__Exercise directions__
Retype the records word for word. Skip every image.

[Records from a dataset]
##############################

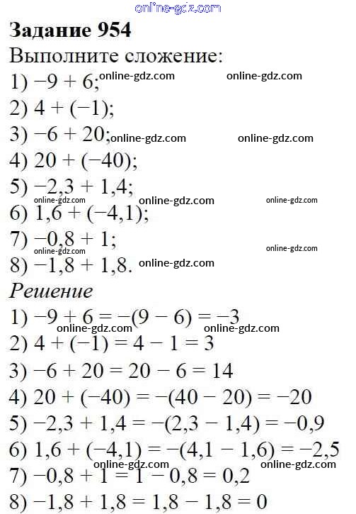 Готовые домашние задания по Математике за 6 класс Учебник Мерзляк, Полонский Алгоритм успеха 2016 - Глава 4. Рациональные числа и действия над ними (упражнения) 954
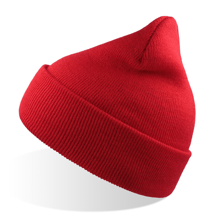 Шапка вязаная двойная "Wind", с отворотом_красный, 100% акрил
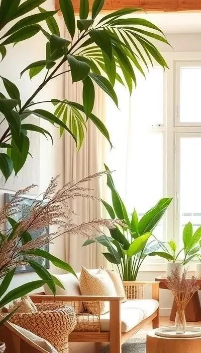 Вдохновитесь природой: добавьте в интерьер живые растения, деревянные элементы и натуральные ткани. DIY-проект: создайте композицию из сухоцветов в керамической вазе.
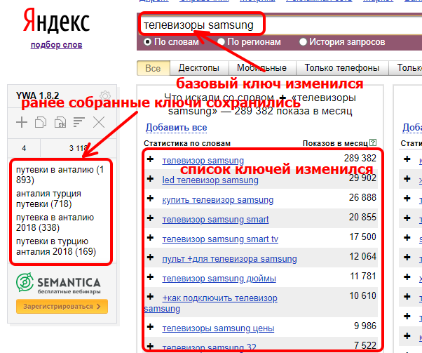 Также стоит отметить, что список будет сохранен ровно до тех пор, пока он лично Вами не будет откорректирован или очищен. Т.е. если вбить в строку «телевизоры samsung», то список ключей Яндекс.Wordstat обновится, но ранее собранные ключи в списке плагина сохранятся.
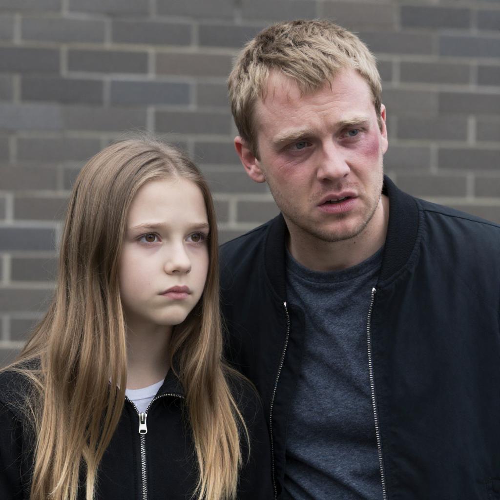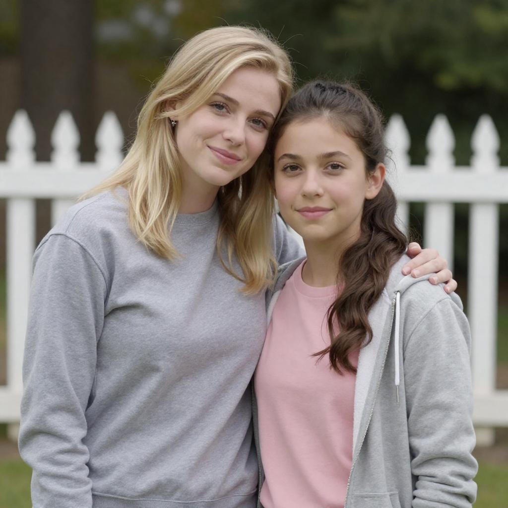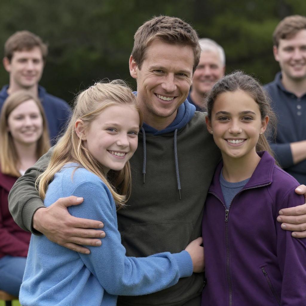 Photograph of a man with short brown hair, smiling, wearing a dark green shirt and blue hoodie, hugged by a blonde girl in a blue sweater. A brown-haired girl in a purple jacket stands to his right, smiling. Several people in the background, some seated, some standing, smiling. Greenery in the background.
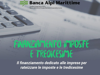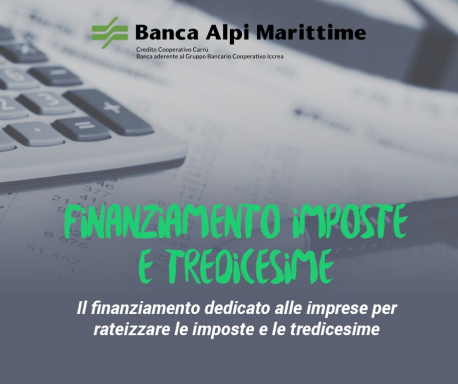 Banca Alpi Marittime mette a disposizione un nuovo finanziamento per imposte e tredicesime aiutando così le imprese a sostenere le scadenze fiscali, senza intacccare l’equilibrio economico dell’azienda nella chiusura di esercizio, anzi contribuendo a migliorare l’utilizzo dei fidi in conto corrente.
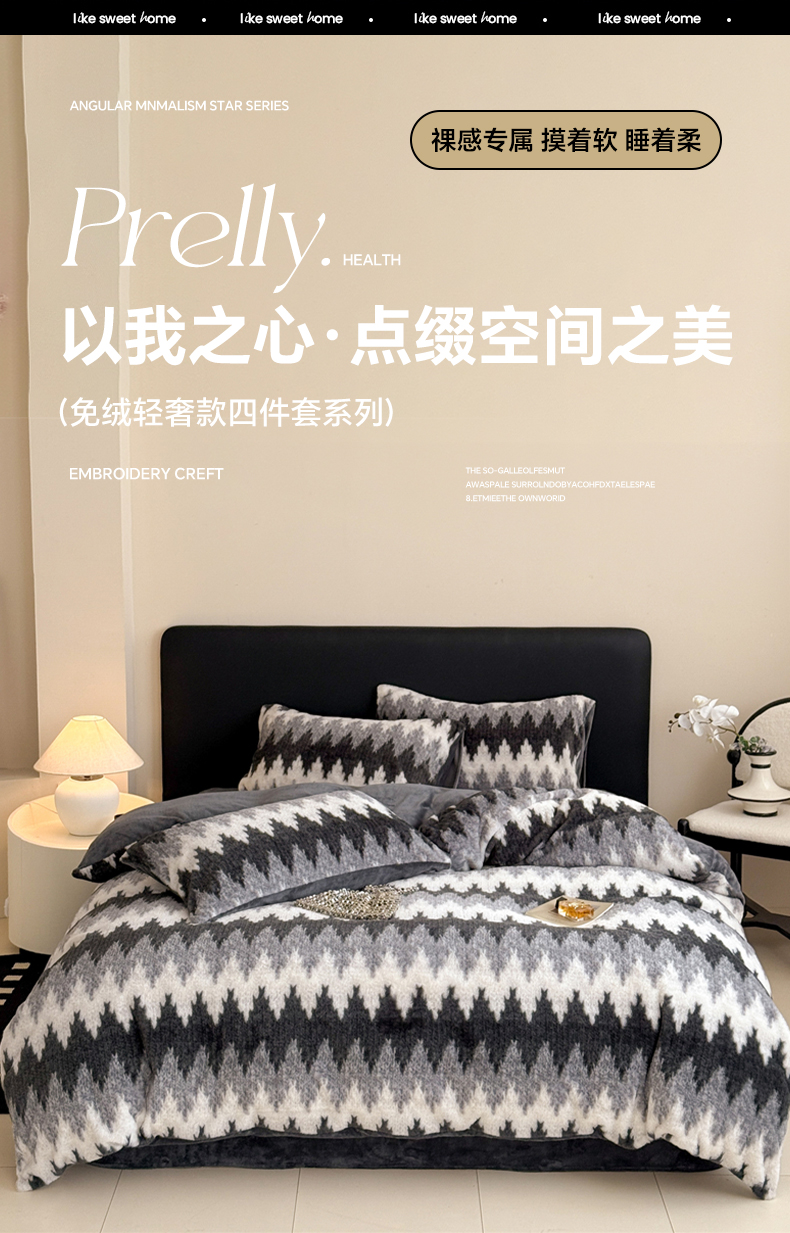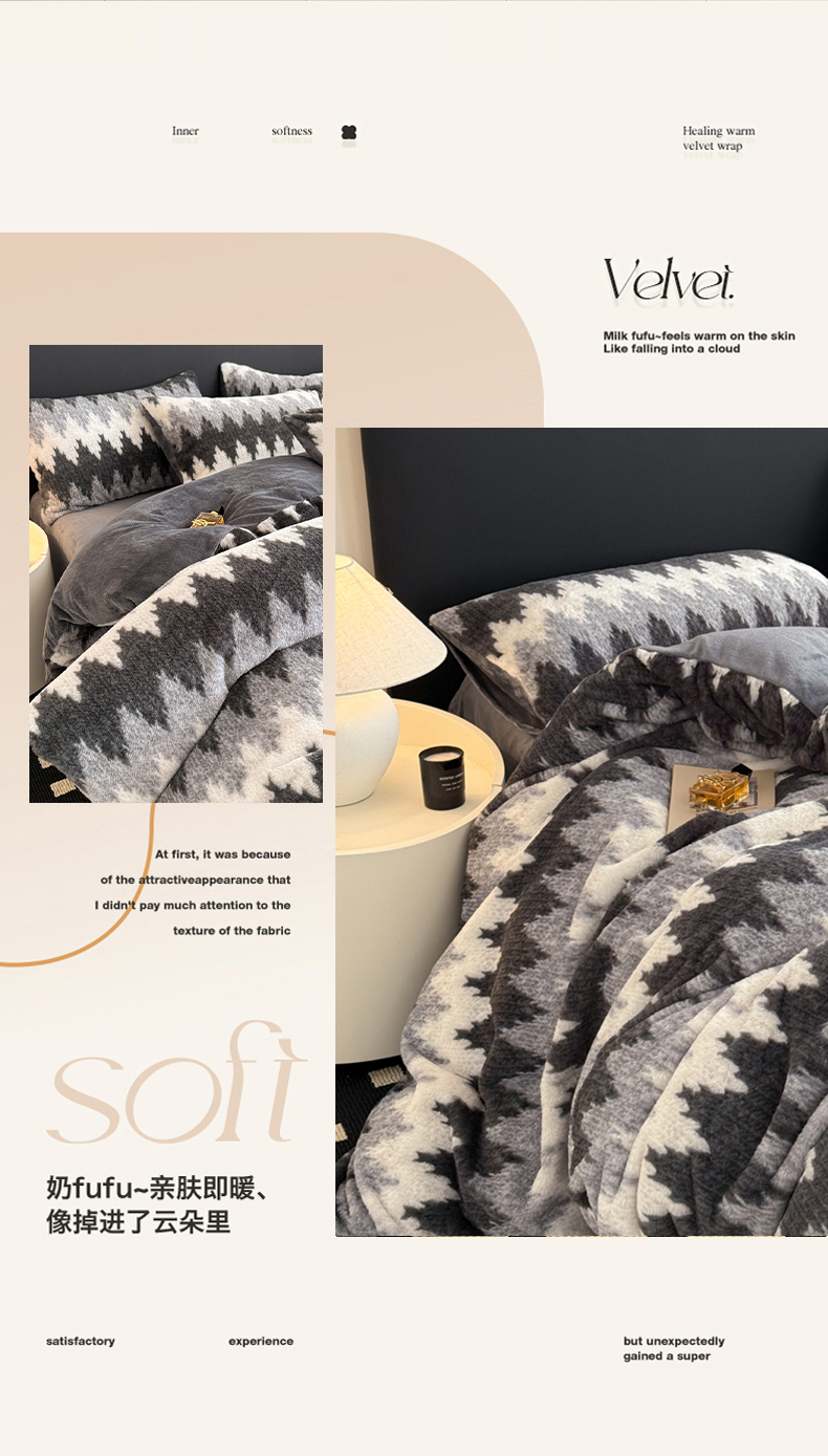 当前位置: 91家纺网 > 商品网购 > 床品套件 > 四件套 > 其它四件套 > 眠博士 2025新款轻奢款美拉德印花兔兔绒四件套 曲线深灰

##############################

__Finished exercise__
 Готовые домашние задания по Математике за 6 класс Учебник Мерзляк, Полонский Алгоритм успеха 2016 - Глава 4. Рациональные числа и действия над ними (упражнения) 954
 Шапка вязаная двойная "Wind", с отворотом_красный, 100% акрил
 Вдохновитесь природой: добавьте в интерьер живые растения, деревянные элементы и натуральные ткани. DIY-проект: создайте композицию из сухоцветов в керамической вазе.
 Также стоит отметить, что список будет сохранен ровно до тех пор, пока он лично Вами не будет откорректирован или очищен. Т.е. если вбить в строку «телевизоры samsung», то список ключей Яндекс.Wordstat обновится, но ранее собранные ключи в списке плагина сохранятся.
 Photograph of a man with short brown hair, smiling, wearing a dark green shirt and blue hoodie, hugged by a blonde girl in a blue sweater. A brown-haired girl in a purple jacket stands to his right, smiling. Several people in the background, some seated, some standing, smiling. Greenery in the background.
 Banca Alpi Marittime mette a disposizione un nuovo finanziamento per imposte e tredicesime aiutando così le imprese a sostenere le scadenze fiscali, senza intacccare l’equilibrio economico dell’azienda nella chiusura di esercizio, anzi contribuendo a migliorare l’utilizzo dei fidi in conto corrente.
 当前位置: 91家纺网 > 商品网购 > 床品套件 > 四件套 > 其它四件套 > 眠博士 2025新款轻奢款美拉德印花兔兔绒四件套 曲线深灰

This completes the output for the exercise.